Wird uns der Computer unsere Jobs rauben? Geht es nach einer Studie der Oxford University von 2013 können sich viele Arbeitnehmer darauf gefasst machen, ihren Beruf innerhalb der nächsten beiden Jahrzehnte an den Nagel zu hängen. Oder besser gesagt: in andere Hände abzugeben. Nämlich in die metallisch-kalten von Kollege Computer. Doch ist diese Zukunftsangst realistisch? Eine Spurensuche.
Zukunftsangst: 59 Prozent aller Berufe sind durch Roboter-Einsatz gefährdet
Zunächst zu den harten Fakten: Die Volkswirte der ING-Diba haben die Studienergebnisse aus Qxford vom amerikanischen auf den deutschen Markt übertragen. Demzufolge bedroht die Digitalisierung langfristig mehr als die Hälfte aller Arbeitsplätze in Deutschland. „Während die Originalstudie davon ausgeht, dass in den USA 47 Prozent aller Stellen gefährdet sind, schießt der Wert in der Untersuchung für Deutschland auf 59 Prozent“, heißt es in der WELT.

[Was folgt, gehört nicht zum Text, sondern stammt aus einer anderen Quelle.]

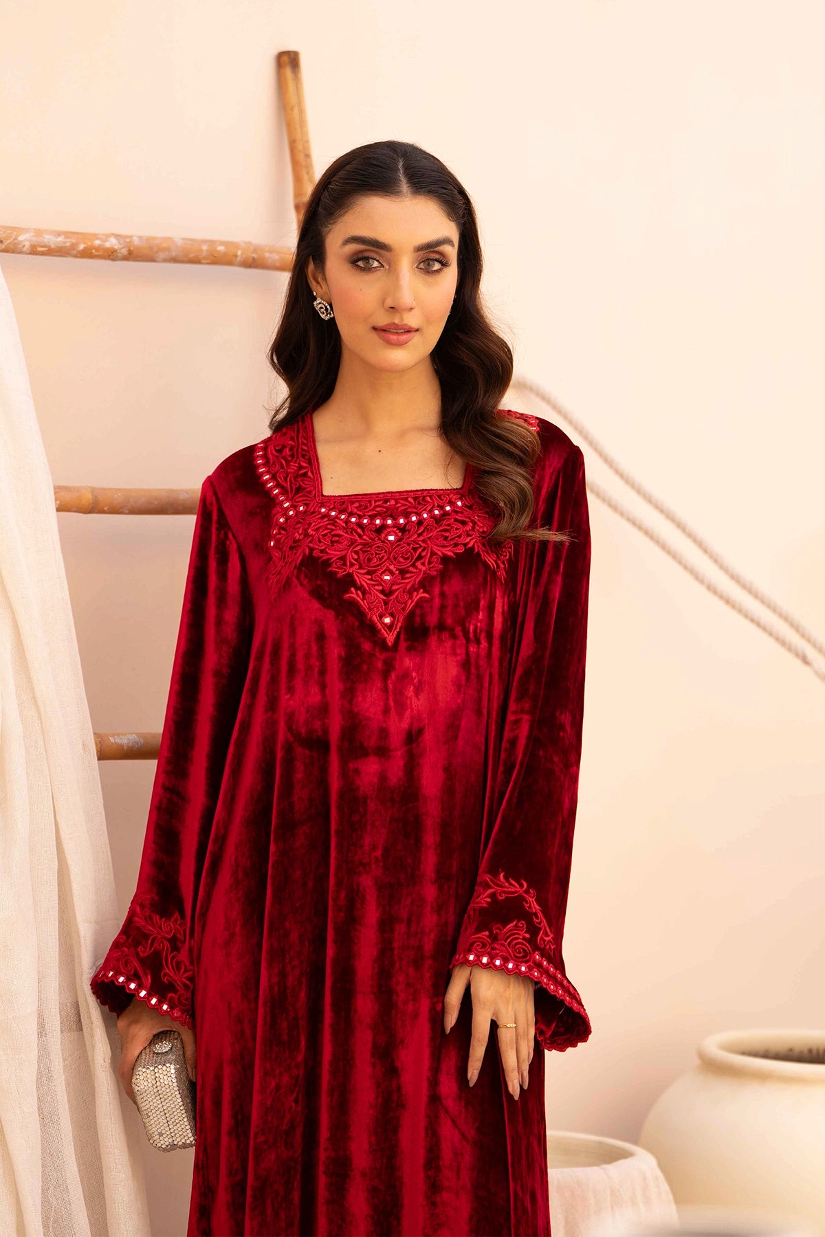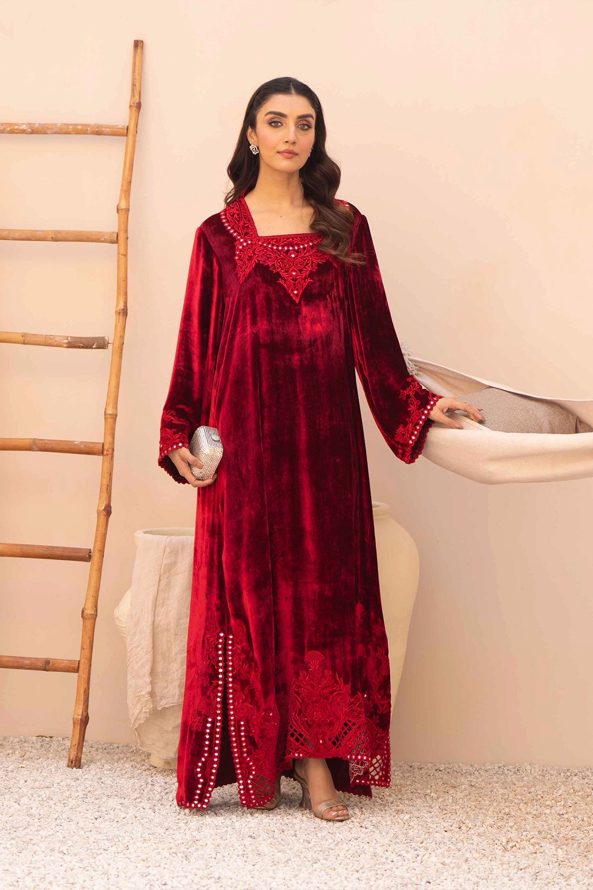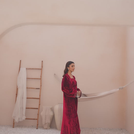 A ruby red velvet kaftan featuring a square neckline with matching cutwork lace. The hemline has a scalloped cutwork lace border with subtle embroidery and embellishments that also appear on the sleeve cuffs. Available in both french and micro velvet.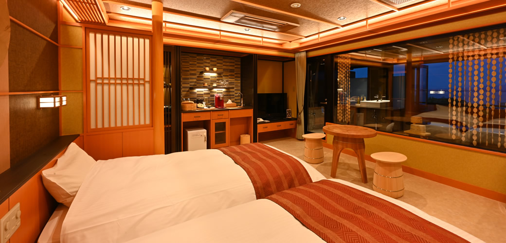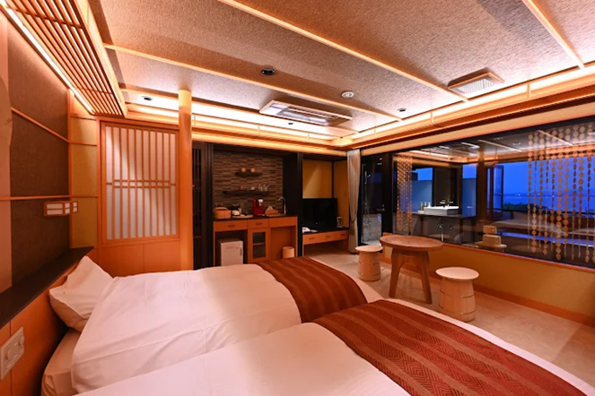館內以花卉圖樣與香氣點綴每個角落,展現溫柔氣息,客房多為和洋融合設計

Eine stolze Summe. Aber heißt das wirklich, dass sechs von zehn Arbeitsplätzen ersatzlos gestrichen werden? Oder: Wird der Roboter nicht vielmehr dafür sorgen, dass der Mensch zunehmend die Hände für andere Aufgaben frei hat? Schließlich war das schon immer das Prinzip der Industrialisierung. Und die Digitalisierung ist schließlich nichts anderes als eine Fortsetzung der industriellen Revolution, das zweite Maschinenzeitalter.
Ähnliche Überlegungen stellt auch Tobias Kaiser, Wirtschaftsredakteur der WELT, an: „Das Risiko, von Kollege Computer ersetzt zu werden, variiert (…) je nach Spezialisierung, Karrierestufe und Beruf erheblich: Sachbearbeiter und andere Berufsgruppen, die hauptsächlich typische Verwaltungstätigkeiten erledigen, haben (…) riskantere Berufe, als sie selbst vermuten würden. Hier ist die Wahrscheinlichkeit, dass die beruflichen Tätigkeiten von Algorithmen übernommen werden, sehr hoch.“
Zukunftsangst: Fällt Arbeit wirklich weg?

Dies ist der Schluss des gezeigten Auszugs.